I'm not a jingoistic nationalist, I accept fully that I am who and what I am only by circumstance of birth. But it was a happy circumstance; I've always been proud of Ireland, always been proud of Irishness and what it means worldwide - humour, wit, intelligence, honour, strength, courage.
Why, then, are we allowing this to happen? Why is our political leadership, the successors of Collins and Connolly, so weak as to allow themselves be bullied by the ECB, by Germany and France? How are the rest of our politicians so lacking in their own principles and convictions as to allow themselves be whipped like curs into submission by the party leadership, not even a whimper of defiance?

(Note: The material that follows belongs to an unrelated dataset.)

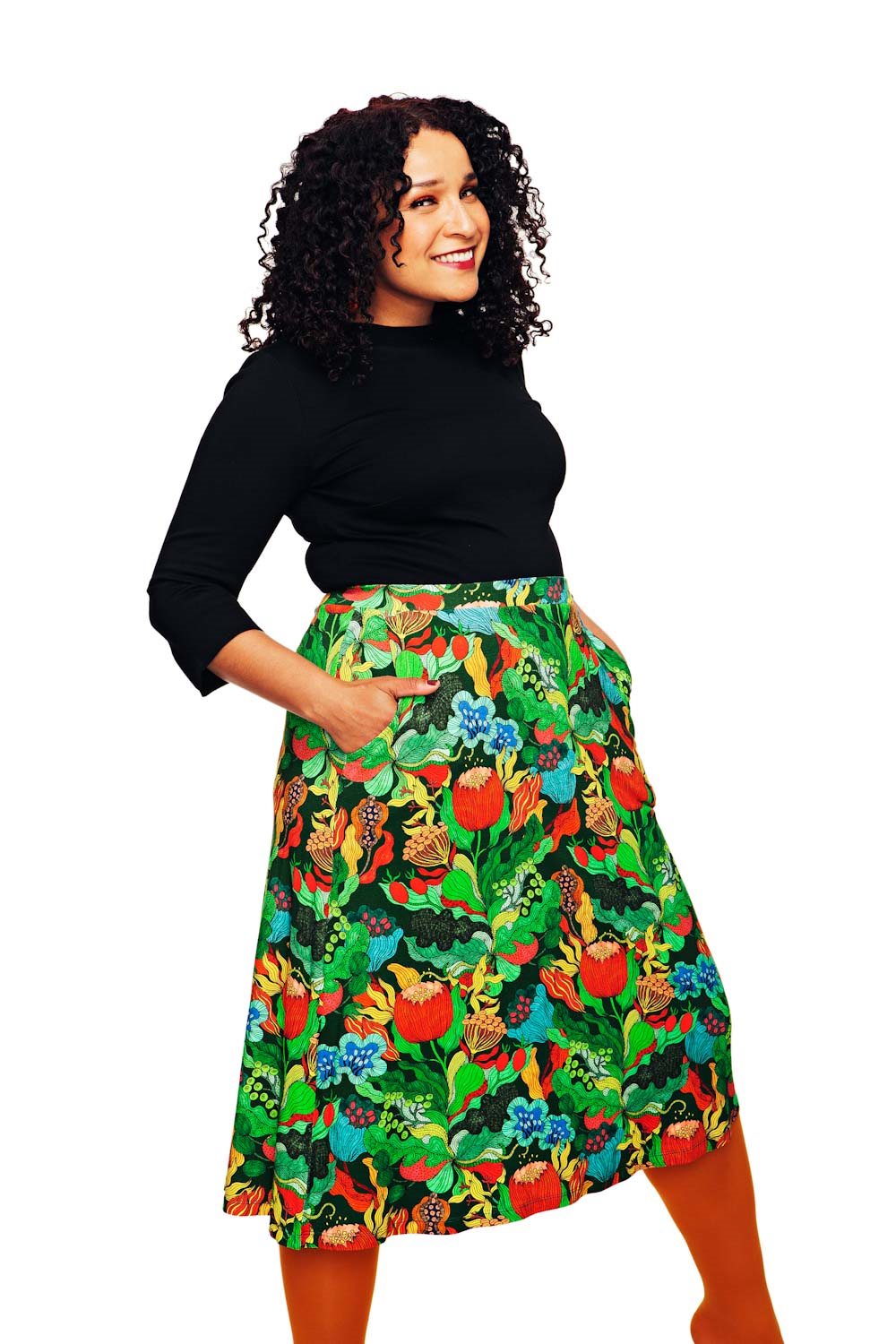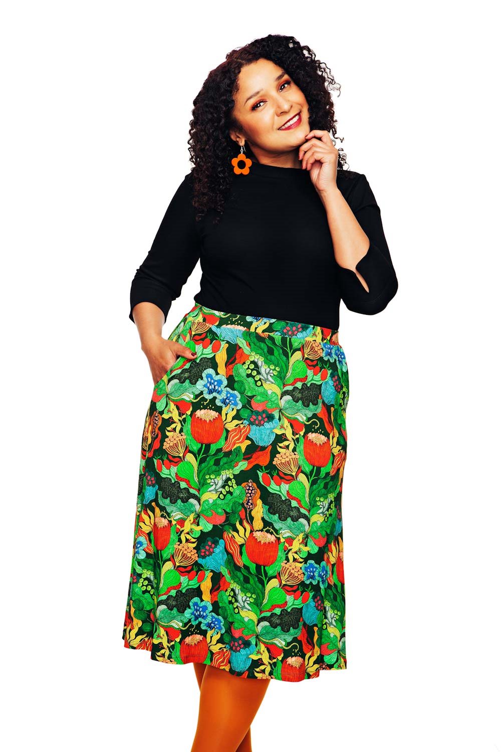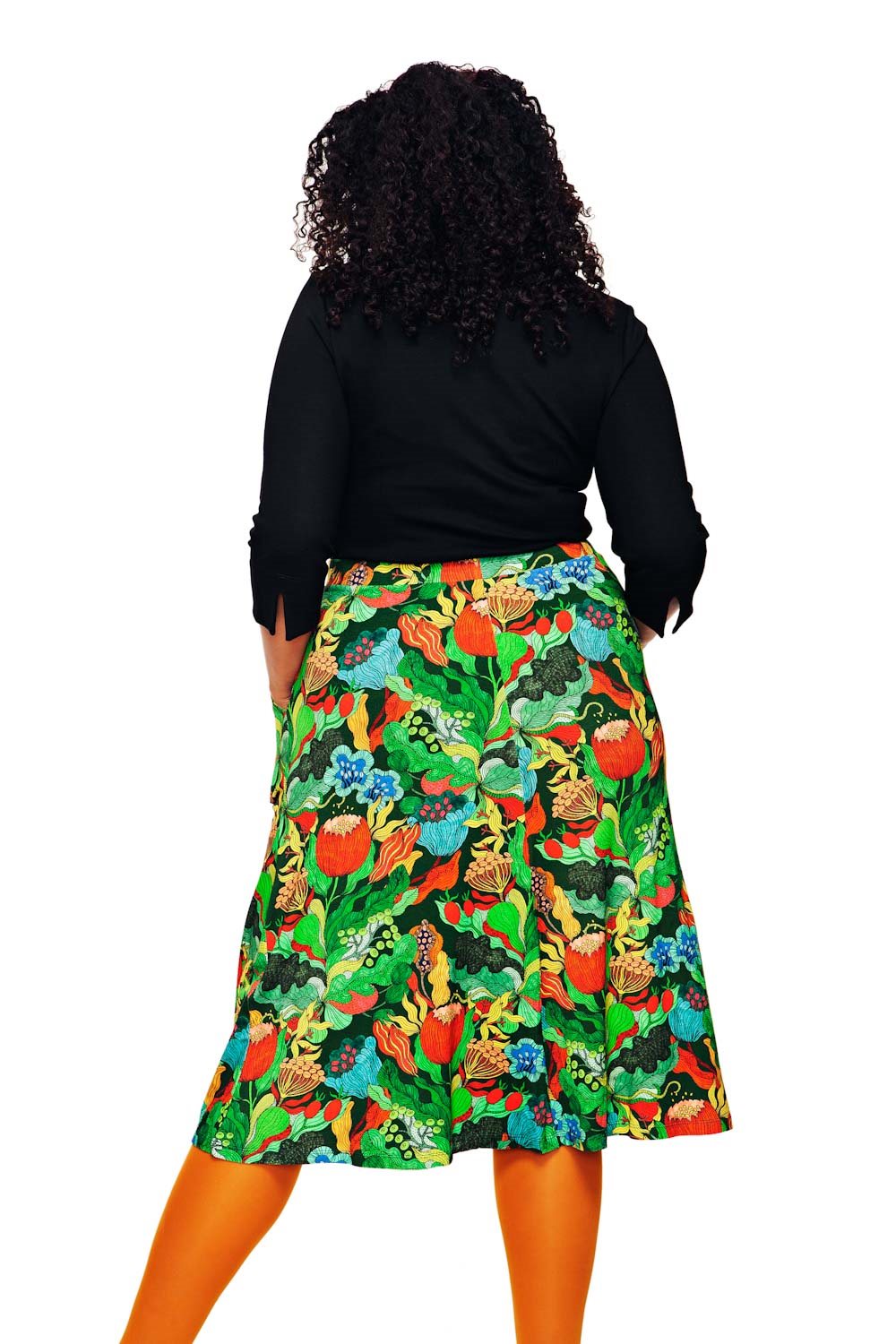 Lisa är en mjuk kjol i stretchig viskostrikå. Kjolen har fickor, resår i midjan och längden är till strax under knät. En lätt utställd passform gör att den är både elegant och bekväm.

Biggest puzzle of all, however, how are we, the people, allowing all of this to take place? Since our War of Independence every generation has handed on a better country to the next generation - what will we say to our kids?
Last Sunday in Ballyhea we had our 42nd consecutive weekly protest against this perversion of all that is fair, of all that is just. We've been joined by a few from our neighbouring parishes, but only a few. Where is the Irish Voice?